Greek parliament passes new austerity budget

Graffiti image showing a women carrying a sign saying "hope less"
Image caption Greek graffiti artists have been expressing their view of the austerity measures

Greece's parliament has approved the 2012 austerity budget designed to tackle the country's huge debts that threaten the entire eurozone.

The budget, which includes further tax rises and spending cuts, was proposed by the interim coalition government of former bank governor Lucas Papademos.

The bill passed after police again clashed with protesters in Athens.

Backing the budget, the opposition leader said he may review the plans if elected in next year's expected poll.

"Our disagreements remain... we are approving the budget because it is an absolute priority to safeguard the viability of Greek debt," said Antonis Samaras, leader of New Democracy.
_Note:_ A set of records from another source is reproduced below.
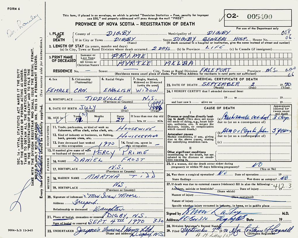 PROVINCE OF NOVA SCOTIA — REGISTRATION OF DEATH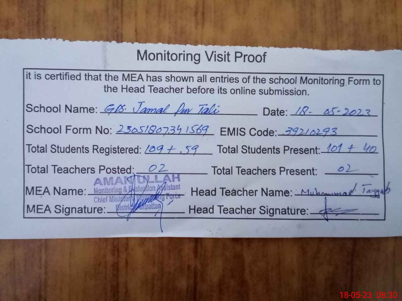 | EMIS Code: 39210293 | Name of School: GPS JAMAL PUR TALI | |||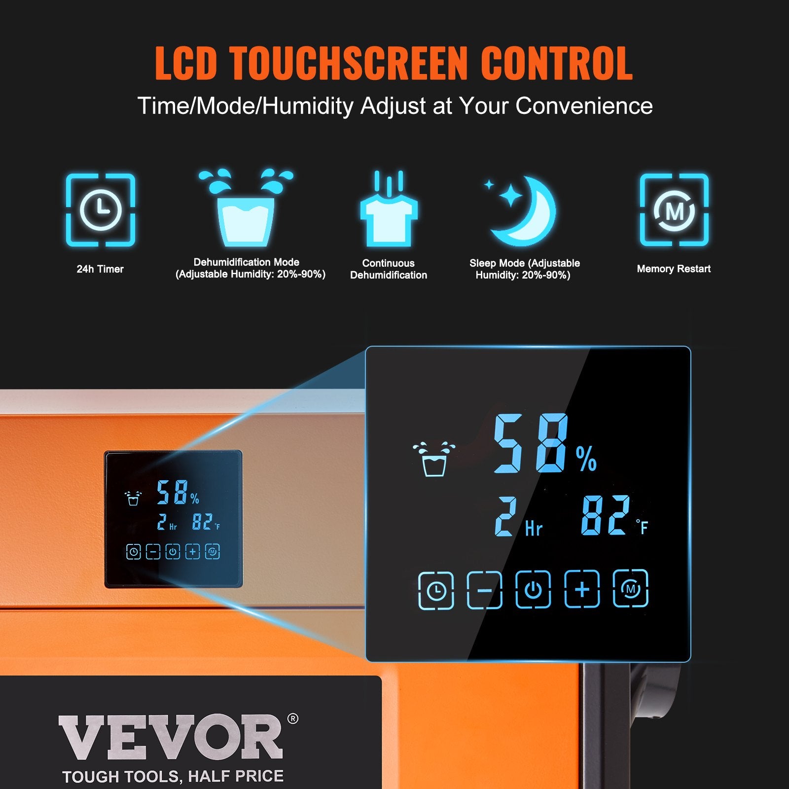 - Convenient Operation: LCD display for easy settings adjustment, including a 24-hour timer and memory function. Offers automatic dehumidification, continuous high-power dehumidification, and sleep mode. 3-speed options and customizable humidity settings for user convenience.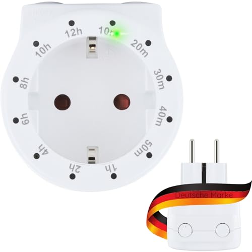 deleyCON 1x Digital Timer Nedräkningsfunktion Timer Omkopplare Brytare Uttag 1 till 5 Timmar Omkopplingstid max. 1800W Kontaktskydd Inomhus Vit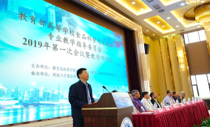 5月11日,教育部高等学校食品科学与工程类专业教学指导委员会2019年第一次会议暨教学研讨会在重庆海宇酒店召开。会议由教育部高等学校食品科学与工程类专业教学指导委员会(以下简称食品专业教指委)主办,bat365正版唯一官网食品科学学院承办。食品专业教指委委员及来自全国165个单位的500多名领导及老师参加了会议。会议由赵国华教授主持。靳玉乐副校长致欢迎辞。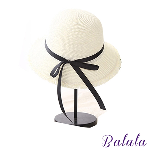 [快速出貨] 黑色蝴蝶結飾毛邊紙莎草編遮陽帽 2色任選*Balala* |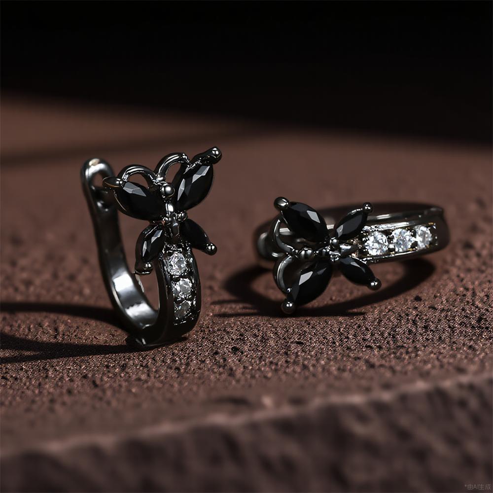 Vintage Black Zircon Cute Small Butterfly Hoop Earrings For Women Black Metal Color Ear Buckle Wedding Jewelry Versatile Gifts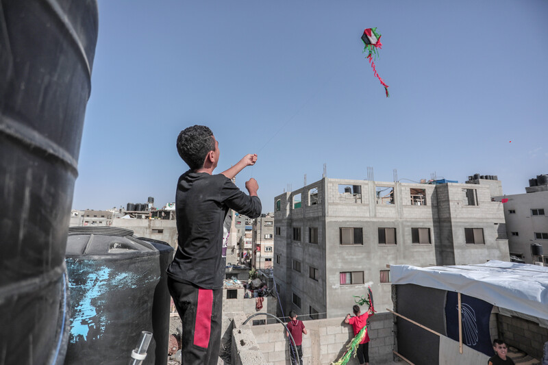 Palestinian children fly kites to mark Naksa Day in Gaza City on 4 June. The annual commemoration marks the anniversary of Israel’s occupation of the West Bank and Gaza Strip in 1967.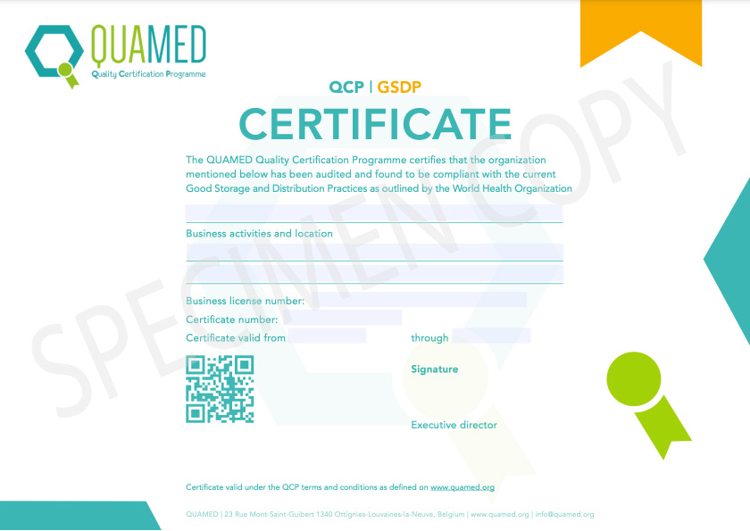 QUAMED has developed the Quality Certification Program (QCP). Through the QCP we are offering wholesalers and manufacturers an opportunity to apply for a QUAMED QCP Certification for GSDP, GMP or MQAS standards.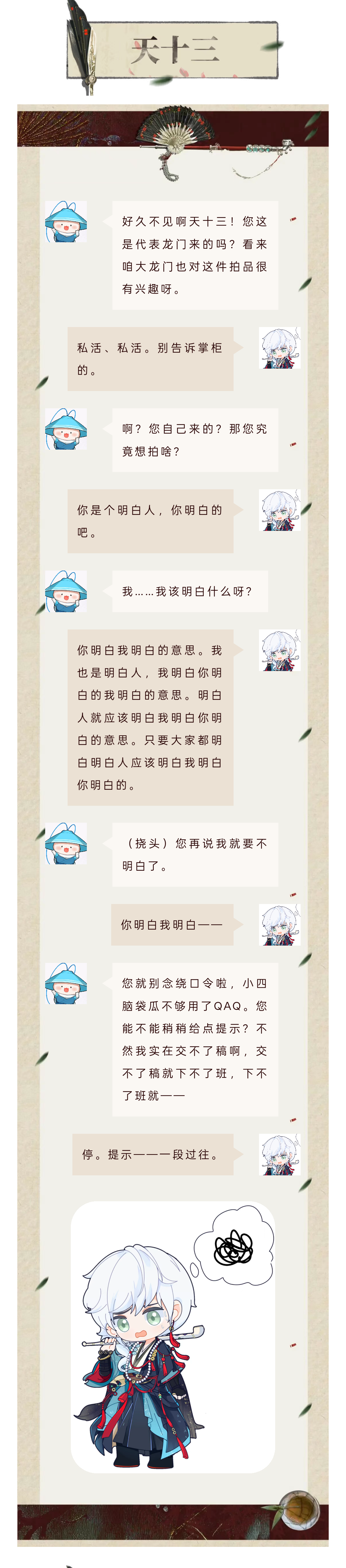 1月,主线剧情新篇【无天无地】即将揭开, 心思各异的大人物们不约而同前来竞拍,究竟是什么稀世之物,值得他们大动干戈?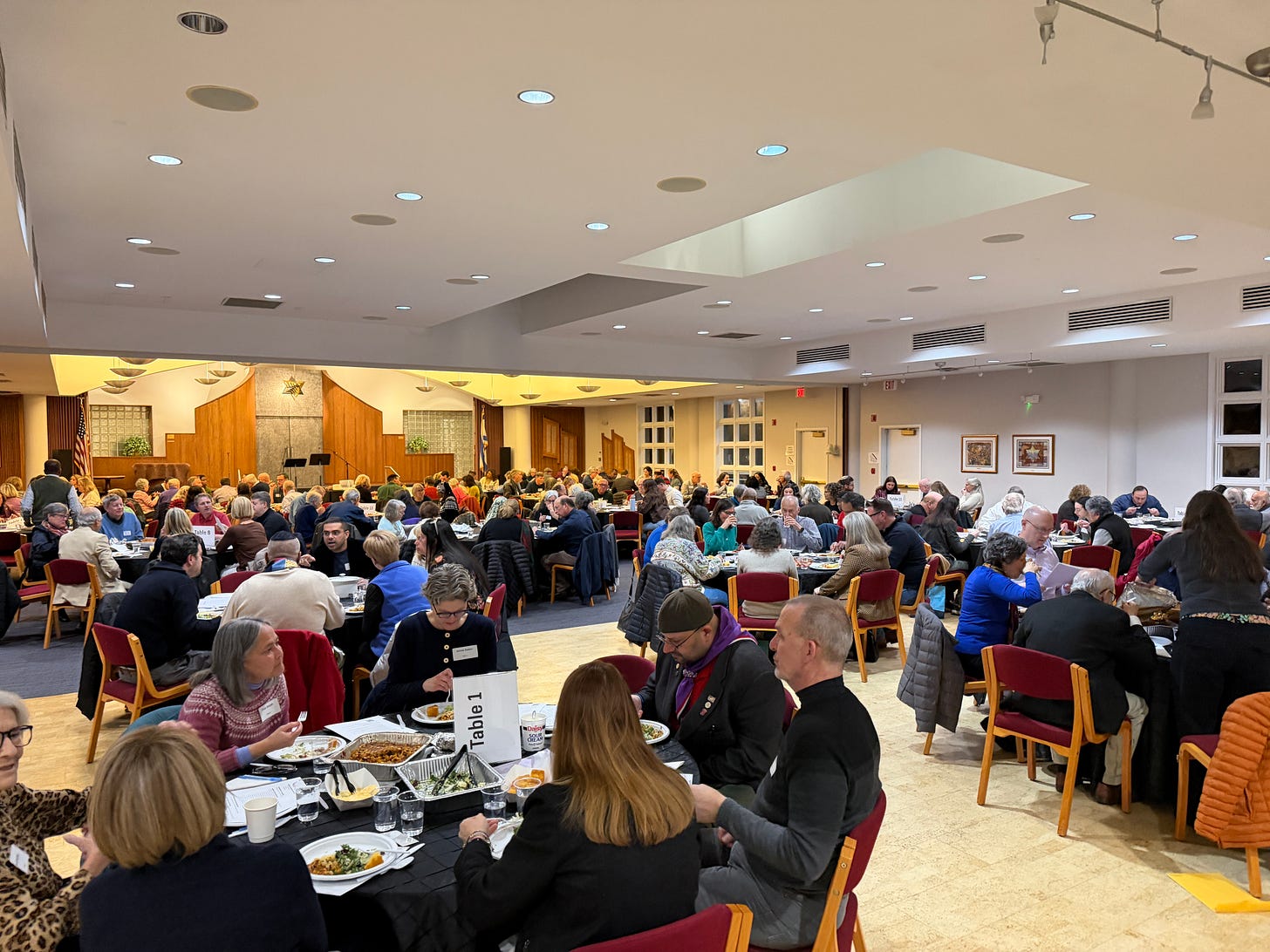 In the Reston/Herndon cluster, we called our gathering “Fellowship Night” and it was a massive success. We had capacity for 250 people and 170 showed up for a huge potluck at 24 tables with spirited conversation across nine congregations.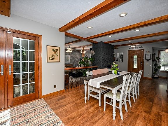 This beautiful, updated 3 bed home is nestled on 1 acre wooded lot & provides the ultimate in privacy & tranquility. As you step inside you see the captivating wood beams, rich moldings & wood laminate floors that add character & warmth. Open-like floorpan allows for easy flow between rooms, perfect for comfortable living & entertaining. Spacious kitchen is chef's delight with SS appliances, granite counters & an abundance of cabinet & counter space for storage & food prep. Faux brick wall brings updated feel to charming sitting area/sunroom off kitchen & opens to deck for that morning cup of coffee. Family room is focal point of the home with a stone wall & a cozy fireplace that enhance rooms character to create a warm & inviting atmosphere. Oversized primary bedroom is luxurious retreat, spacious walk-in closet & ample room for privacy & relaxing, balcony for stargazing and sunrises. Primary bath features tub, walk-in shower & double vanities. 2 add'l nicely sized bedrooms. Partially

The budget for 2012 is designed to cut the deficit to 5.4% of GDP from a projected 9% this year and to generate a primary surplus.

Such a surplus would mean that Greece only needs to borrow money in order to continue servicing the interest on its existing debt.

"Successful implementation of this budget will restore the country's international credibility and create the conditions to rescue the economy," said Mr Papademos.

The unelected former banker took office on 11 November at the head of a broad coalition government following the collapse of the Socialist cabinet of George Papandreou.